Problem to solve >> Retype word for word the stretch of entries below from the line that has "Vibration mount kit, 447302" through the line that has "Units 1 & 2 Warehouse", and omit the pictures.

Excerpted data >>

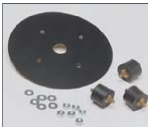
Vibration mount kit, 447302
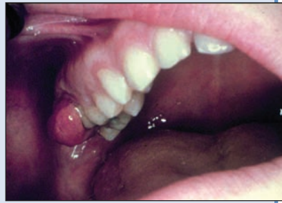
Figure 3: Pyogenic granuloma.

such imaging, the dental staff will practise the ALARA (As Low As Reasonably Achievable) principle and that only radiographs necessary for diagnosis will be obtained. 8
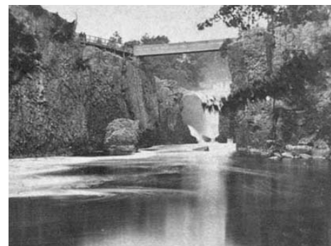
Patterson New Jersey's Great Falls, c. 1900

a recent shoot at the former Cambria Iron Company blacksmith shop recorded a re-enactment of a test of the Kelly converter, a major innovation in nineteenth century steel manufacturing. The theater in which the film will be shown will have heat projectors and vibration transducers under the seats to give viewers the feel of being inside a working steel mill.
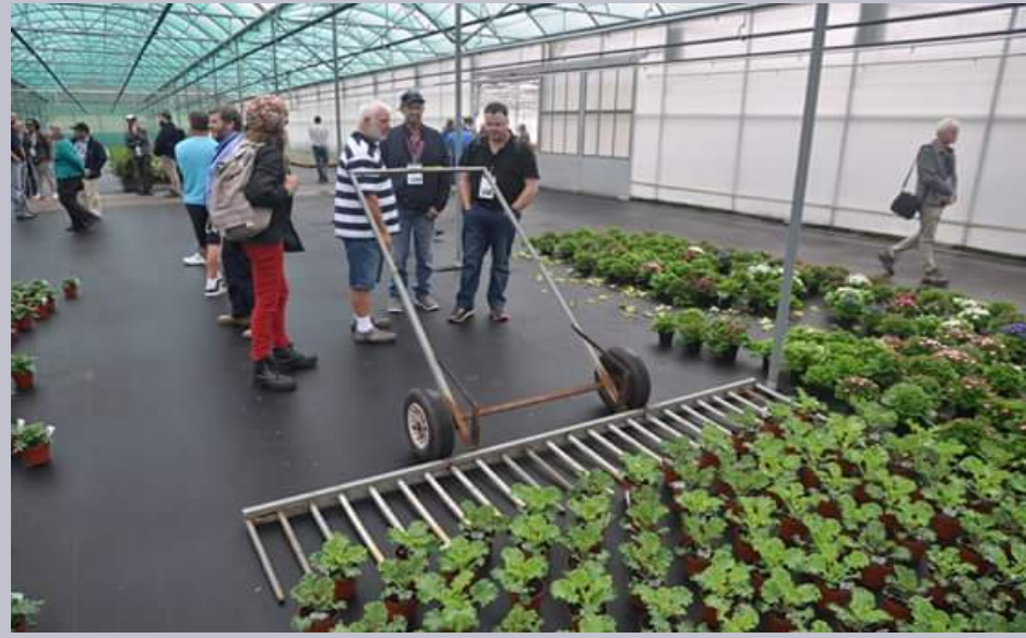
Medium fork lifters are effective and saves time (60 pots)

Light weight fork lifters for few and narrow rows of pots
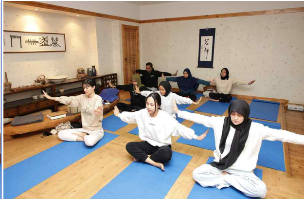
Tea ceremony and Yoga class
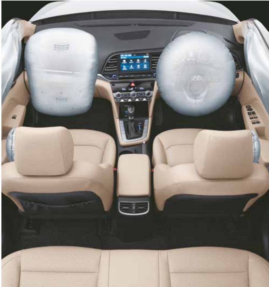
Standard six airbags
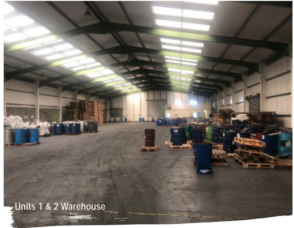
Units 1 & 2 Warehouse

* * *

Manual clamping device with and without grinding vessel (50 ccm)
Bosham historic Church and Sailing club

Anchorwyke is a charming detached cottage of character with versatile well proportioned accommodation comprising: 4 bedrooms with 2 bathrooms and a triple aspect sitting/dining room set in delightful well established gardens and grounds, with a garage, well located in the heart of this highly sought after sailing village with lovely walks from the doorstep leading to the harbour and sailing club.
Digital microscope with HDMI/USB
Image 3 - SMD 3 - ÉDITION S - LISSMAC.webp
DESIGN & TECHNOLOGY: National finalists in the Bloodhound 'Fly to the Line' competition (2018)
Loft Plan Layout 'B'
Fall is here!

==

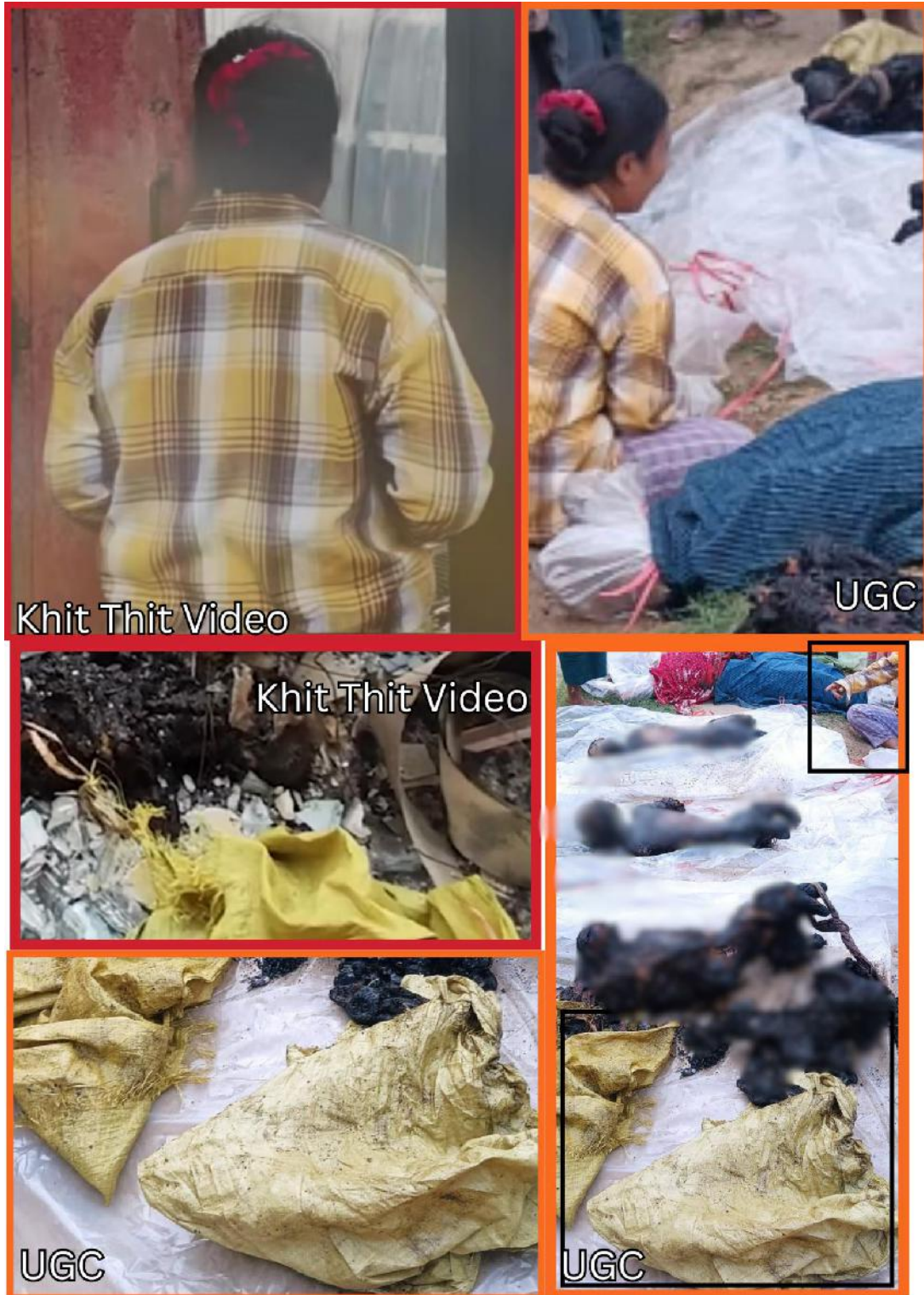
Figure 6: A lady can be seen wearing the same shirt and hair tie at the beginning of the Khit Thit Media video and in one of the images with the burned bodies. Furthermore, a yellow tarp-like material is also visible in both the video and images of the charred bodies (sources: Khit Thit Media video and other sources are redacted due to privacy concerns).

Expected answer >>
Vibration mount kit, 447302
Figure 3: Pyogenic granuloma.

such imaging, the dental staff will practise the ALARA (As Low As Reasonably Achievable) principle and that only radiographs necessary for diagnosis will be obtained. 8
Patterson New Jersey's Great Falls, c. 1900

a recent shoot at the former Cambria Iron Company blacksmith shop recorded a re-enactment of a test of the Kelly converter, a major innovation in nineteenth century steel manufacturing. The theater in which the film will be shown will have heat projectors and vibration transducers under the seats to give viewers the feel of being inside a working steel mill.
Medium fork lifters are effective and saves time (60 pots)

Light weight fork lifters for few and narrow rows of pots
Tea ceremony and Yoga class
Standard six airbags
Units 1 & 2 Warehouse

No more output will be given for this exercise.